_YOUR INSTRUCTIONS_. Restate the entries below exactly. Images are not part of the copy.

_RECORDS TO PROCESS_.
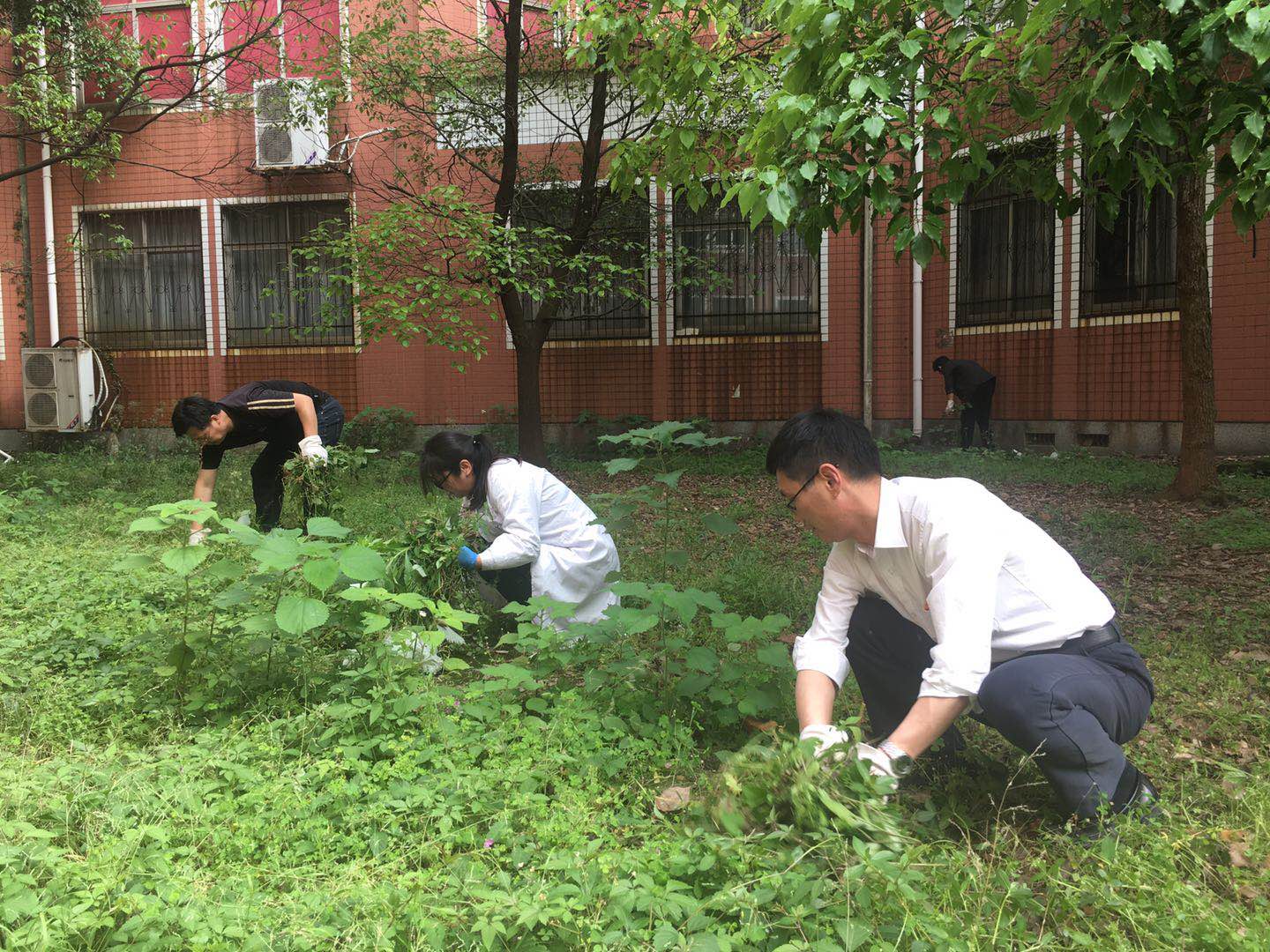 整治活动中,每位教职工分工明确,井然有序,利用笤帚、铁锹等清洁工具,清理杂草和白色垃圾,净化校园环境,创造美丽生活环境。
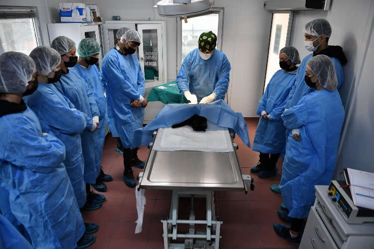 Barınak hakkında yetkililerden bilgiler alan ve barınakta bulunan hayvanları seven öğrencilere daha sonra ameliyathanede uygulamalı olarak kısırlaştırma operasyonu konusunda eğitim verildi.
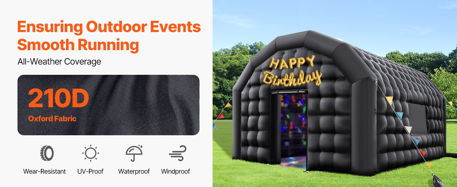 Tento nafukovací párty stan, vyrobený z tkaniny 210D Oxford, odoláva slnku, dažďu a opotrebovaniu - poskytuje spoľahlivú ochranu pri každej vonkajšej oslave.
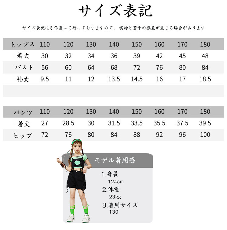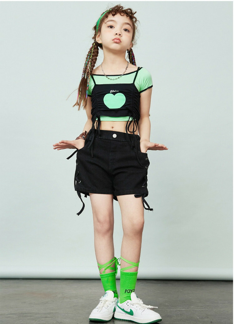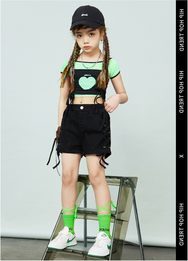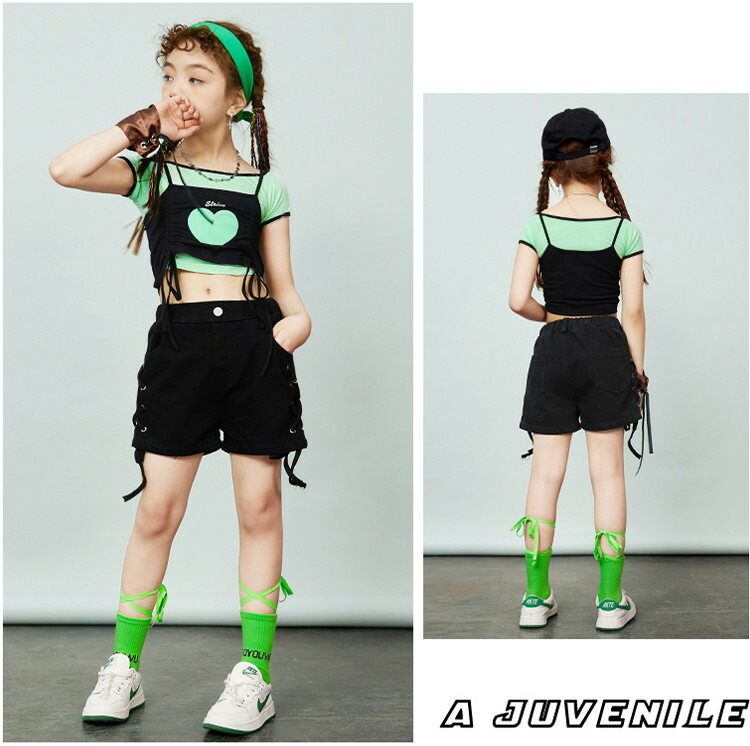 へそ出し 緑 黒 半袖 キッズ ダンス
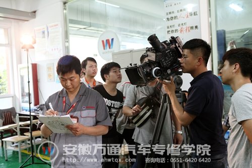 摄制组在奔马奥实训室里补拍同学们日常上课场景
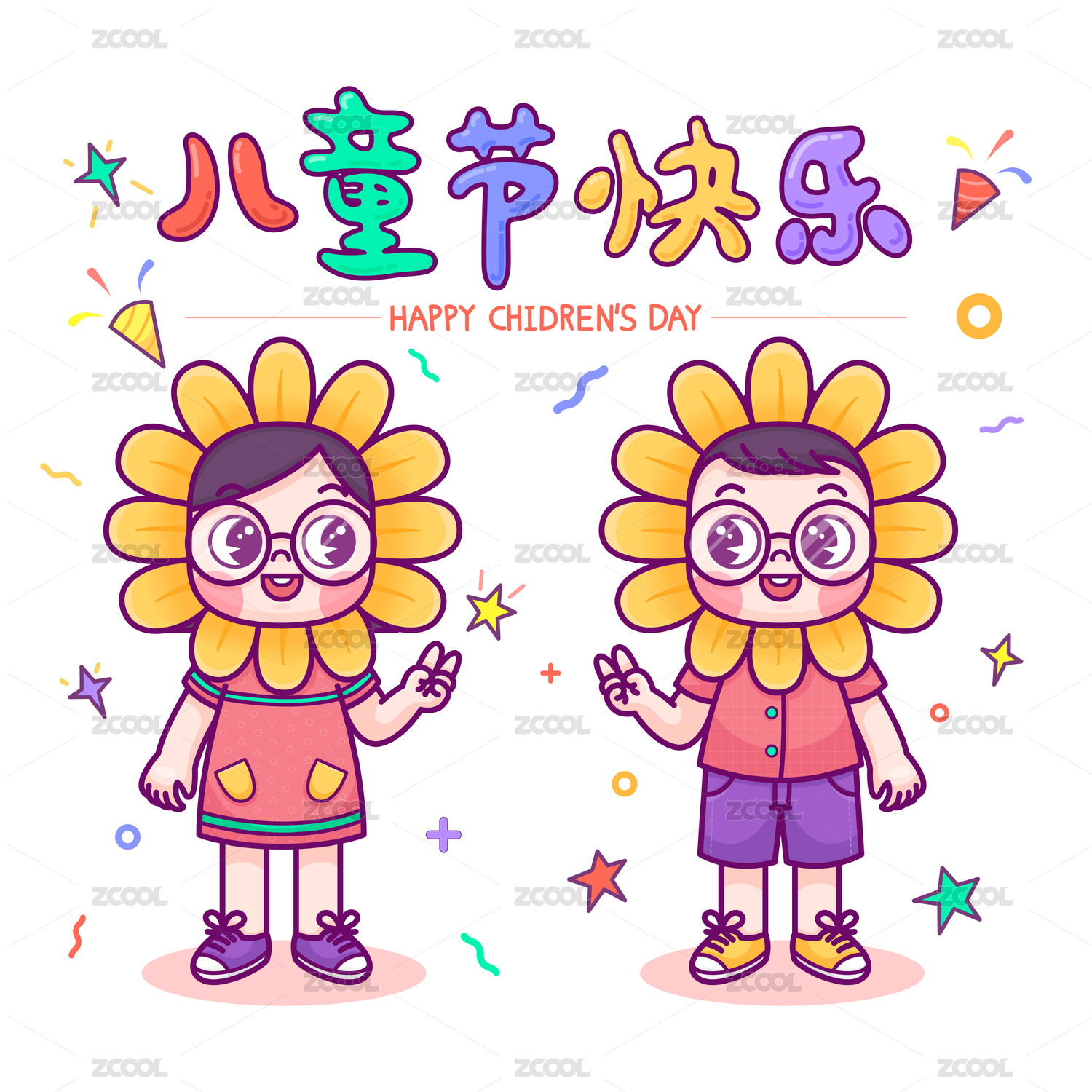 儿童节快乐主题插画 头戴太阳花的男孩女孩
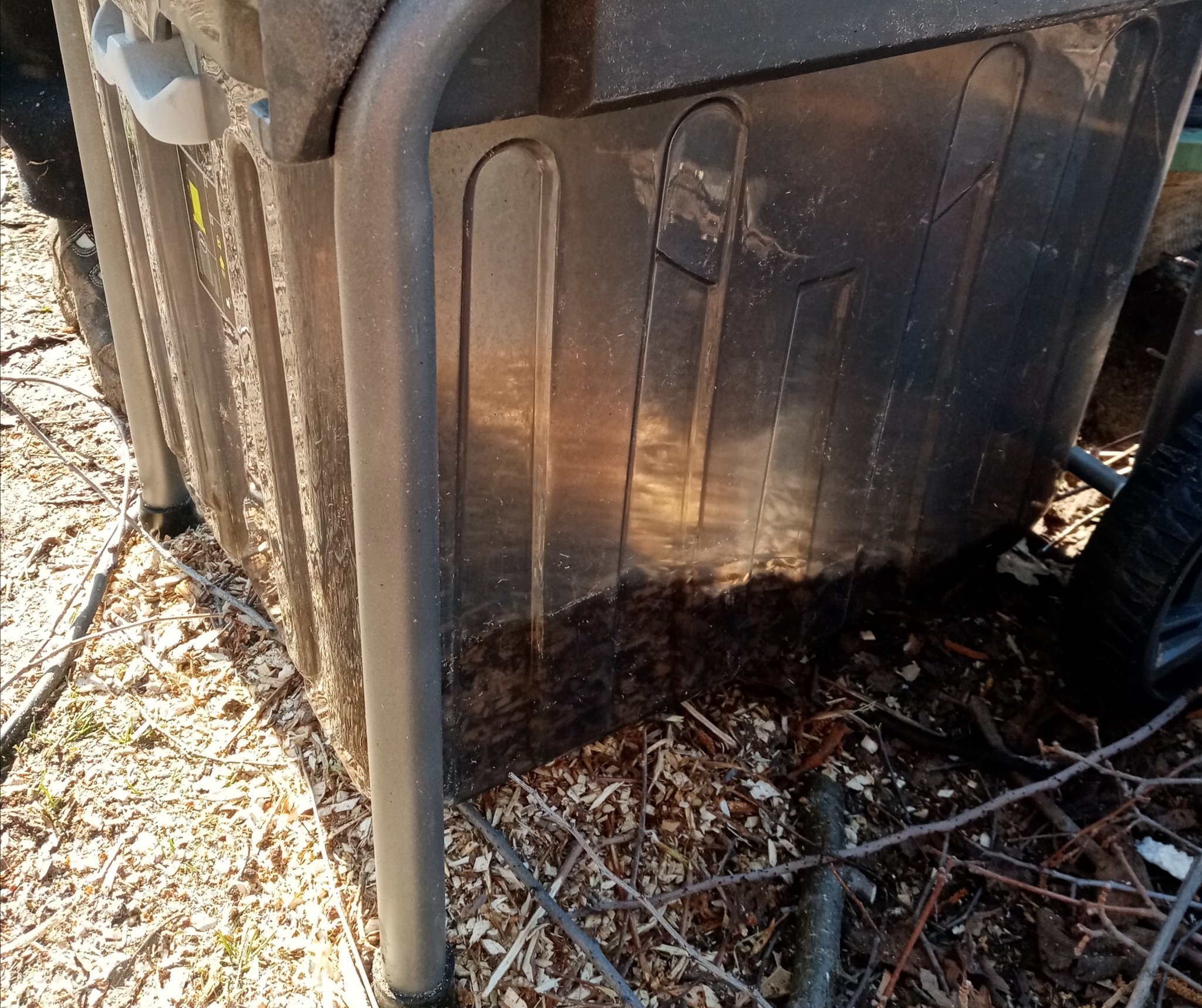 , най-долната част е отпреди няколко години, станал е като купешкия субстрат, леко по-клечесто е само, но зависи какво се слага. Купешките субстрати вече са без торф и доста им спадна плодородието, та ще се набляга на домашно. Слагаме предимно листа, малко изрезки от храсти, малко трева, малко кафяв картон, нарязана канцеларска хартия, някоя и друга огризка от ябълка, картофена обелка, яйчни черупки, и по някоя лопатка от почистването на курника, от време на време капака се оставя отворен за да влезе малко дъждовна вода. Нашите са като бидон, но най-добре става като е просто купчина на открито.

_RESPONSE AREA_.
 整治活动中,每位教职工分工明确,井然有序,利用笤帚、铁锹等清洁工具,清理杂草和白色垃圾,净化校园环境,创造美丽生活环境。
 Barınak hakkında yetkililerden bilgiler alan ve barınakta bulunan hayvanları seven öğrencilere daha sonra ameliyathanede uygulamalı olarak kısırlaştırma operasyonu konusunda eğitim verildi.
 Tento nafukovací párty stan, vyrobený z tkaniny 210D Oxford, odoláva slnku, dažďu a opotrebovaniu - poskytuje spoľahlivú ochranu pri každej vonkajšej oslave.
 へそ出し 緑 黒 半袖 キッズ ダンス
 摄制组在奔马奥实训室里补拍同学们日常上课场景
 儿童节快乐主题插画 头戴太阳花的男孩女孩
 , най-долната част е отпреди няколко години, станал е като купешкия субстрат, леко по-клечесто е само, но зависи какво се слага. Купешките субстрати вече са без торф и доста им спадна плодородието, та ще се набляга на домашно. Слагаме предимно листа, малко изрезки от храсти, малко трева, малко кафяв картон, нарязана канцеларска хартия, някоя и друга огризка от ябълка, картофена обелка, яйчни черупки, и по някоя лопатка от почистването на курника, от време на време капака се оставя отворен за да влезе малко дъждовна вода. Нашите са като бидон, но най-добре става като е просто купчина на открито.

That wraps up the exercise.